= Data for this exercise =
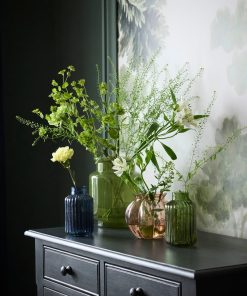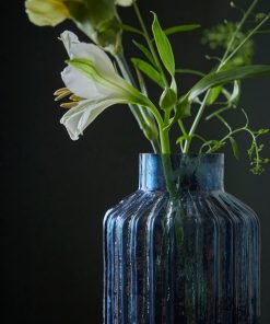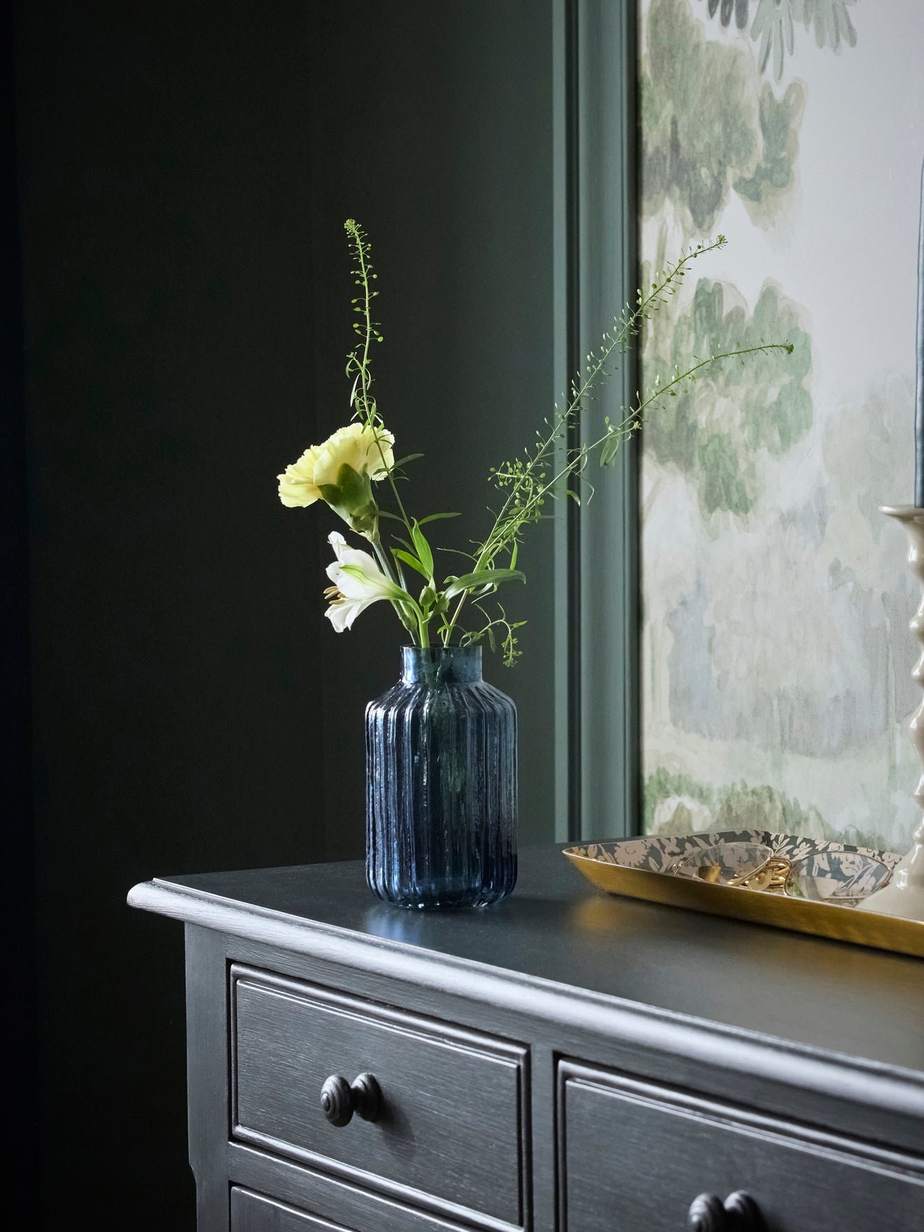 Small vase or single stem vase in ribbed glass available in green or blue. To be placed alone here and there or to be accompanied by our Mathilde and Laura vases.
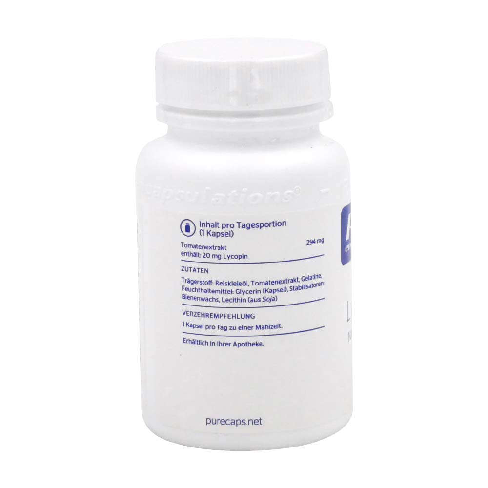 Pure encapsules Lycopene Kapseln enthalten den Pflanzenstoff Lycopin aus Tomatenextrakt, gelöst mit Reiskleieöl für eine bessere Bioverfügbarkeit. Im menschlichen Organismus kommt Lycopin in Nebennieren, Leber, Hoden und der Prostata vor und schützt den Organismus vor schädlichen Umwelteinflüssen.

--

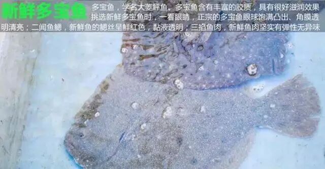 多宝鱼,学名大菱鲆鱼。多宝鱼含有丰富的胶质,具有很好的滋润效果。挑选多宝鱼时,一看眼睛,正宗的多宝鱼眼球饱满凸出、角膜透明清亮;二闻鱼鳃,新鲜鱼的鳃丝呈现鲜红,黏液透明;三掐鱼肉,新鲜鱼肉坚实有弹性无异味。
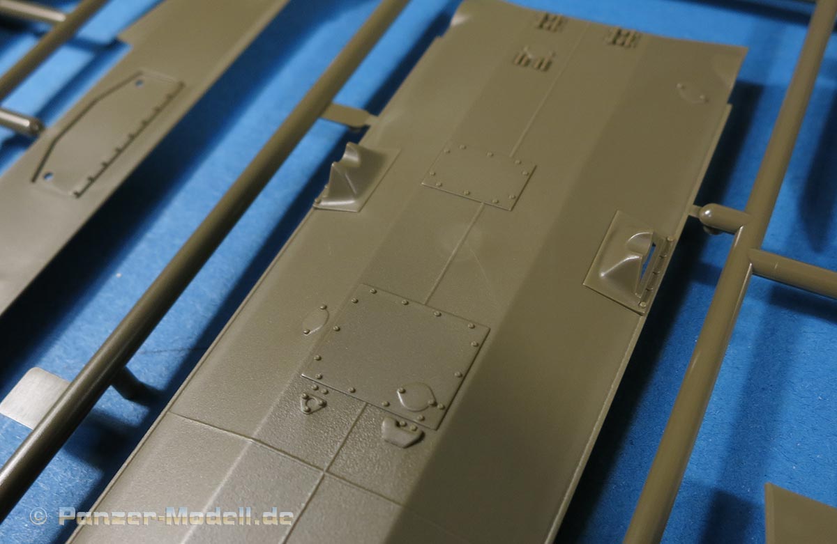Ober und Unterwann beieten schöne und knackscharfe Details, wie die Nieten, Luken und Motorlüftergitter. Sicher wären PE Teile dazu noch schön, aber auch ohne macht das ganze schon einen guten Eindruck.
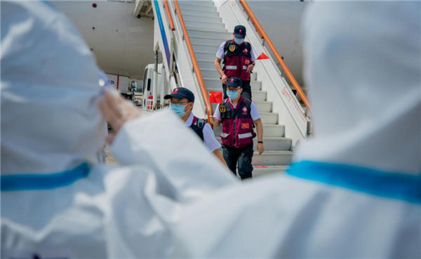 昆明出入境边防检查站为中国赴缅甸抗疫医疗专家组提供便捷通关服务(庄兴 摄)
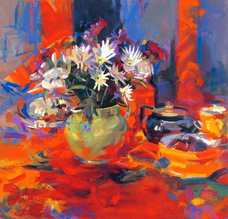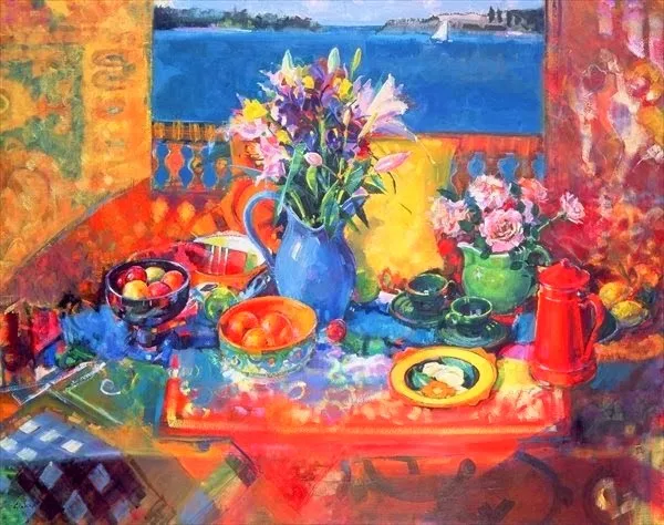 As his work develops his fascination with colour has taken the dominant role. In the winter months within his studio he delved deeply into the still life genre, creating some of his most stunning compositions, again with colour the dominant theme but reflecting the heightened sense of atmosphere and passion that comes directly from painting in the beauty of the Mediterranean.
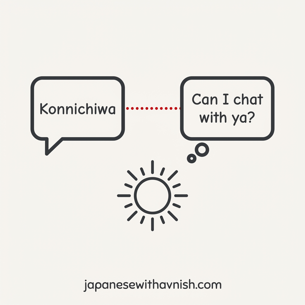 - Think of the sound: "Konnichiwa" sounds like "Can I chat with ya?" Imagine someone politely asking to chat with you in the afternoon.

* * *

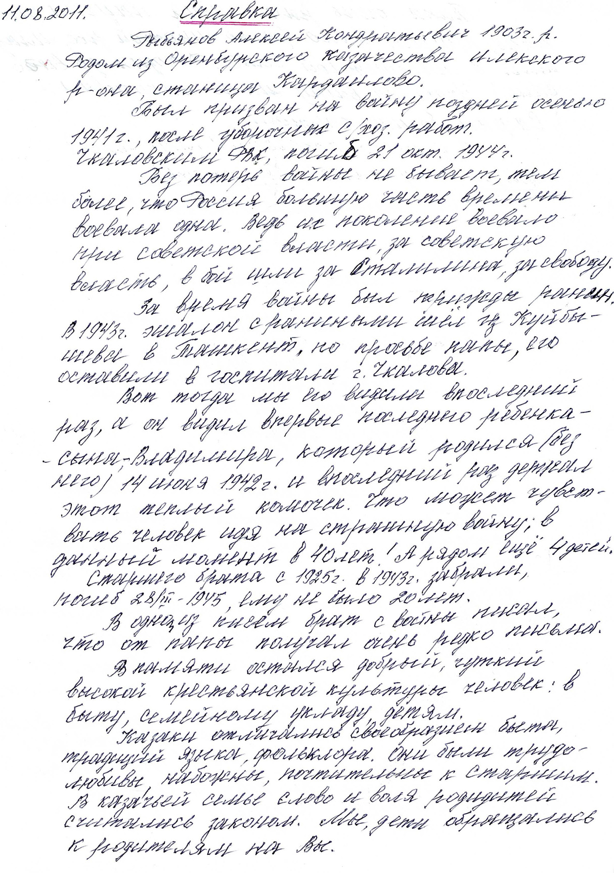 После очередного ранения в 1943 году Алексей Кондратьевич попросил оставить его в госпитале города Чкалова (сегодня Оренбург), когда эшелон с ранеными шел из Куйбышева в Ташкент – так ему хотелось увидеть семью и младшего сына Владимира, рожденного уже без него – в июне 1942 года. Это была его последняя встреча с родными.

= Your objective =
Above are some entries; copy exactly the lines from the line with "昆明出入境边防检查站为中国赴缅甸抗疫医疗专家组提供便捷通关服务(庄兴 摄)" through the line with "- Think of the", both included, but none of the pictures.

= Exercise response =
 昆明出入境边防检查站为中国赴缅甸抗疫医疗专家组提供便捷通关服务(庄兴 摄)
 As his work develops his fascination with colour has taken the dominant role. In the winter months within his studio he delved deeply into the still life genre, creating some of his most stunning compositions, again with colour the dominant theme but reflecting the heightened sense of atmosphere and passion that comes directly from painting in the beauty of the Mediterranean.
 - Think of the sound: "Konnichiwa" sounds like "Can I chat with ya?" Imagine someone politely asking to chat with you in the afternoon.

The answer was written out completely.